Academics aside, I've resumed playing Maplestory after so long. I've ignored my account ever since they fixed the glitch in Orbis PQ. Because of that, I'm stuck at level 66 with 500k+ experience points to go. 4 more levels but yet I can't persevere. It seems my impatience doesn't only apply to academics only. Anyway, I've decided to make a new character since they released 2 classes which apparently I didn't know until my brother told me. And that is only because my cousin told my brother who told me. So yes people, Maplestory is being my ultimate distractor because I'm trying so hard to level up. You see, every 10 levels, my dragon will evolve. How cool is that?! Nevermind, MS being the ultimate distractor will somehow lead me to my ultimate destruction. Apparently, there's a very high possibility that my result for JCTs will be screwed up.

And somehow if I don't wake up from this la-la land SOON, my A level results will be at stake. For one, I can say bye-bye to a place in Biological Sciences in NUS and two, I would waste my parents' $400+

Urgh.



Date: Friday, June 4, 2010 || Time: 8:59 AM
It's been a while since I last updated. It's either that I'm too lazy to actually come here and start typing out a post or 24 hours per day isn't sufficient for me. Don't get it? Nevermind, I've realised that I've been mumbling nonsense for the past few days. Stress from education you may say. Many things have happened and it's definitely impossible for me to actually blog about almost everything in this entire post. Well, most probably sometime in the near future when I can remember everything in detail. One thing is for sure, I'm going to miss dance. To think that I was slightly reluctant to join it in the first place. But I'm glad that I did it because I had an frigging awesome time within this 3-4 months in dance, which brings me to my point that MCS MUST have dance apart from dikir. Forget it, it's not to up to us anyway. Furthermore, the JK 09/10 have unofficially stepped down which means no more MCS.

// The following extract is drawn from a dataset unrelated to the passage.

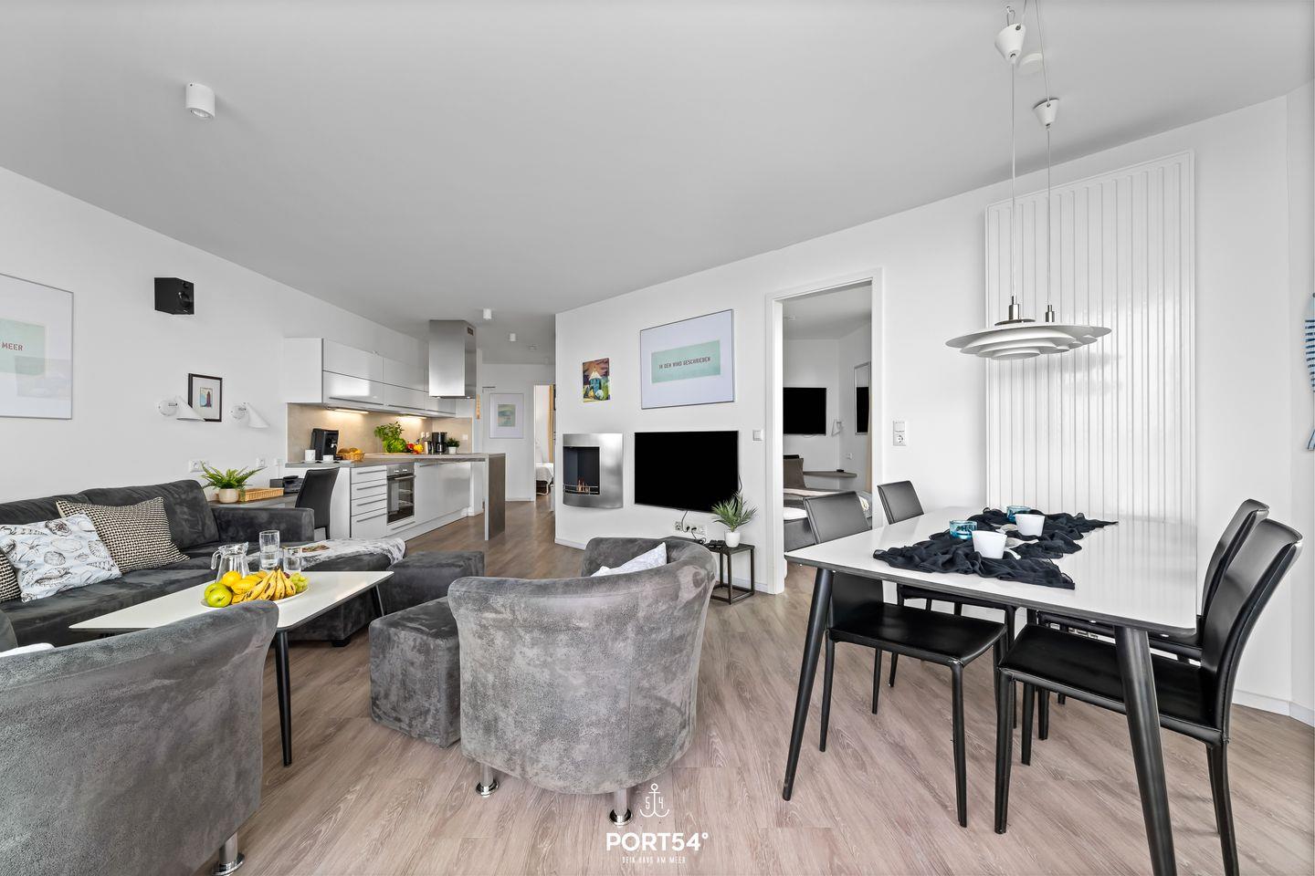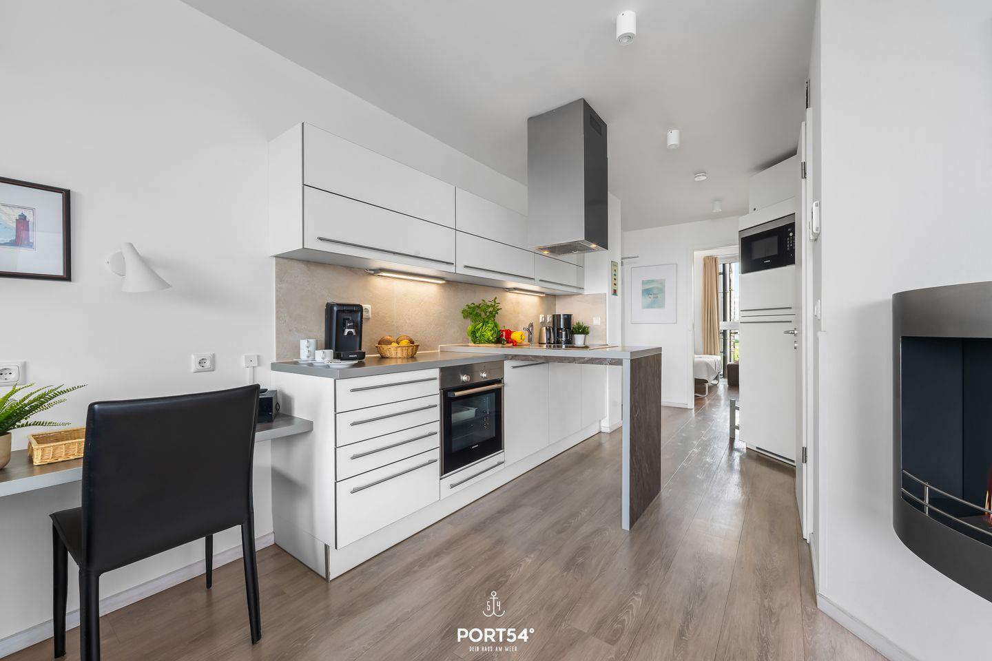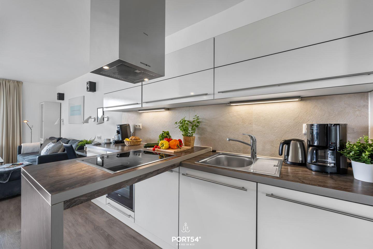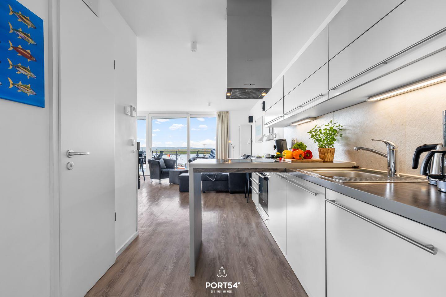 Das Herzstück der Wohnung bildet der offene Wohnbereich, der vom Wohn- und Esszimmer bis zur modernen Küche reicht. Hier können Sie gemeinsame Mahlzeiten zubereiten, während Sie die wunderschöne Aussicht auf das Meer durch die großen Fenster genießen. Ein besonderes Highlight stellt zudem die Terrasse da, die mit 24 qm Größe und umlaufend um die Wohnung verläuft, viele Möglichkeiten bietet, die frische Meeresluft im Freien zu genießen. Die voll ausgestattete Küche lässt keine Wünsche offen und bietet Ihnen alles, was Sie für Ihren Aufenthalt benötigen: von der Spülmaschine bis hin zur Espressomaschine, um Ihren Morgen mit einer köstlichen Tasse Kaffee zu beginnen.

On a separate note, 5 more months to go till the first paper. I'm scared, really. A levels is definitely not like O levels. Though I believe that miracles DO happen if you put in your 101%, I am afraid I would run out of them by A levels. Look at all those smart asses at HCI and RIJC. Isn't it pretty obvious like 99% of them will get straight As? Most likely courses like Chemical Engineering, Medicine, Law etc would be dominated by the likes of them. Dreaming big is good, which is why schools encourage students to 'dare to dream big.' The feeling is indeed ecstatic when you get your result slip, seeing straight As because you know that you safely secure a place for yourself in your desired course. But what if you don't see the straight As? Depressing isn't it? As it is, I have already B on my result slip and I am still pissed over it. I need that place in NUS FOS really badly.

For now, I should focus and study for JCTs. I better see improvements this time round.